Searching For Serendipity

Samuel G. Siris, MD

Published: August 15, 2011

See the reply

Searching For Serendipity

To the Editor: I read with interest the recent excellent article by Andrew C. Leon concerning the evolution of the field of clinical psychopharmacology.1 Quite understandably, this article recognizes the contribution of serendipity in the discovery of our present classes of psychiatric medications and laments the observation that we have not been continuing to discover truly novel "blockbuster" interventions and/or new mechanisms of action in more recent decades.

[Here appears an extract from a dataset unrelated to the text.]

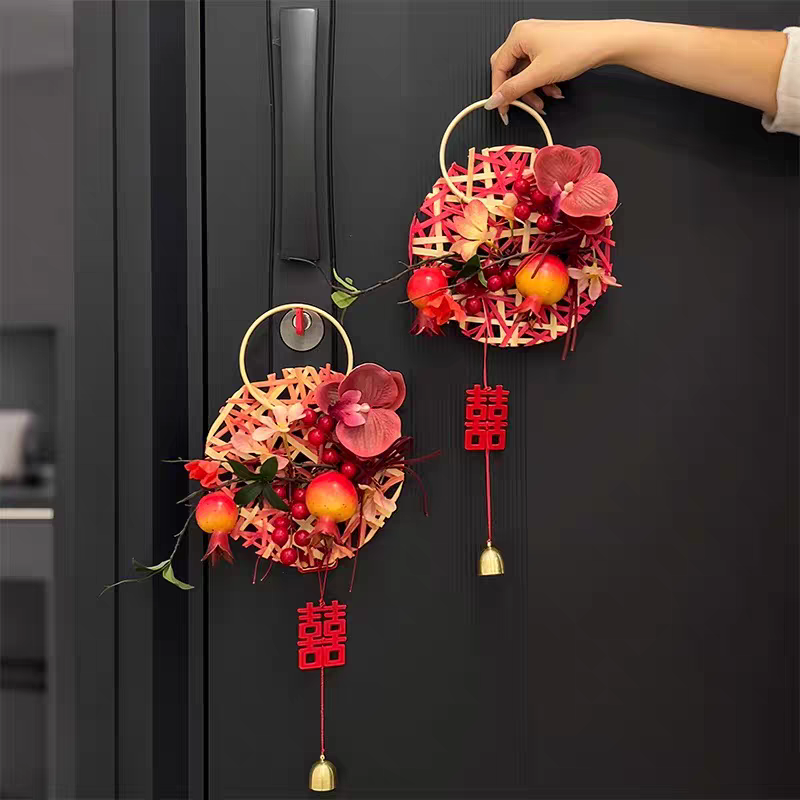 婚房布置用品喜字花环门把手挂件结婚卧室男女方婚房房门挂饰布置

Part of this lack of finding additional agents through serendipity may have to do with the most powerful, or most broadly useful, agents’ naturally being prone to being discovered first, and we may simply be in the situation of having already harvested the "low-hanging fruit." But another factor may be modern restrictions concerning venues in which we are permitted to search. Not just psychopharmacology but, Dr Leon observes, the field of ethics has also evolved since the 1940s and 1950s. Quite appropriately, it is no longer permissible to test new drugs on the back wards of psychiatric facilities (or in prisons either, for that matter), with little or no requirement for truly informed consent or freedom from coercive circumstances. These facilities had provided exquisite venues for serendipity—where agents being tested for safety in relationship to various medical conditions had the chance to be discovered, by accident, to be of value in the treatment of identifiable psychiatric disorders. In our more modern age, of course, engaging in such investigations at such venues would be entirely improper.

Are there any places remaining where broad-ranging serendipity in psychiatric medication finding may still be available? At least one such place does present itself—and the information-sharing capabilities of computerized medical records may make this a more feasible locale than it might have been in the past. This place is our own outpatient psychiatric clinics. Much recent attention has been given (with good reason) to the extent and variety of medical illnesses occurring in psychiatric populations and their attendant need for treatment.2,3 As these medical illnesses are appropriately addressed, myriads of people with psychiatric conditions are exposed to a wide array of "medical" agents (some of them old and some of them new). In the setting of this vast "experiment of nature," serendipity invites us to maintain a sharp lookout for "outlier" patients who experience sudden, unexpected, and dramatically positive changes in their global psychiatric conditions in the context of a recently initiated "medical" treatment. Isolated highly favorable cases could trigger searches for other patients in similar circumstances, creating case series and the possibility of identifying relevant patterns.

It is just possible that such careful and targeted surveillance could, with serendipity, lead to the identification of a new generation of "low-hanging psychopharmacologic fruit," expanding our vision and enriching our clinical and investigative opportunities.


1. Leon AC. Evolution of psychopharmacology trial design and analysis: six decades in the making. J Clin Psychiatry. 2011;72(3):331-340. PubMed doi:10.4088/JCP.10r06669

2. Kane JM. Creating a health care team to manage chronic medical illnesses in patients with severe mental illness: the public policy perspective. J Clin Psychiatry. 2009;70(suppl 3):37-42. PubMed doi:10.4088/JCP.7075su1c.06

3. Fleischhacker WW, Cetkovich-Bakmas M, De Hert M, et al. Comorbid somatic illnesses in patients with severe mental disorders: clinical, policy, and research challenges. J Clin Psychiatry. 2008;69(4):514-519. PubMed doi:10.4088/JCP.v69n0401

Samuel G. Siris, MD

Author affiliation: The Zucker Hillside Hospital, Aftercare Clinic, Glen Oaks, New York. Potential conflicts of interest: None reported. Funding/support: None reported.